The investor who is close to retirement or is already retired may seek for steady income after retirement and capital preservation. The timeline can be 20, 30, or more years on the horizon. He or she may have a moderate risk profile and invest in high credit quality, investment-grade bonds.
In contrast, a young investor with a higher risk appetite may be more appropriate to buy short-term high to mid grade quality bonds because he or she can take advantages of two things by doing so:
- Time to maturity is short so he or she can react to the trends of the interest rates.
- Typically, the lower grade of the bonds, the higher the interest rates are offered.

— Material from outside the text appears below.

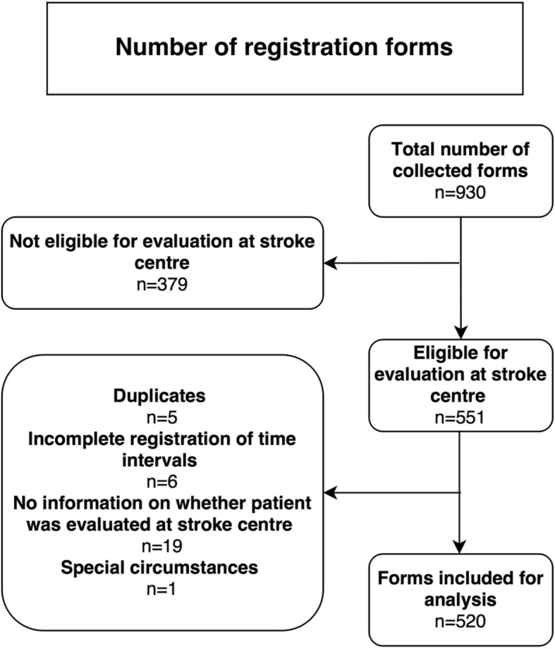 Methods: A study-specific registration form was developed to record detailed information about OST consumption in cases where the Emergency Medical Services (EMS) suspected a stroke from July 2014-May 2015. Registration forms were completed by ambulance personnel and included details on estimated time spent: 1) localising patient, 2) clinical examination, 3) consulting with the on-call neurologist, 4) mobilising patient to the ambulance, 5) treatment in ambulance before departure. Additionally, estimated total OST was noted. For patients found eligible for further evaluation at a stroke centre, time points were analysed using multivariate Poisson regressions.

- Diversification: Generally, it is not a good idea to have all your investments in a single risk or asset class.
If your objective is to preserve your principal investment and earn interest, consider a “buy and hold” strategy.
A “buy and hold” strategy is to buy bonds and hold them to maturity. In this situation, the investor receives periodic coupon payments over the life of the bond and full repayment of principal at maturity. The price fluctuation of the bond over time does not matter because, in the end, the bond matures and the investor gets the face value of the bond back. The risks here? The quality of the bond and the purchase price.
If the bond is purchased at a premium, you will receive at maturity less than the amount you pay for the bond. If the bond is purchased at a discount, you will get more than you originally pay for at maturity.
Buy and hold strategies work best with high-quality bonds because the investor has a lower risk when or if the issuer defaults.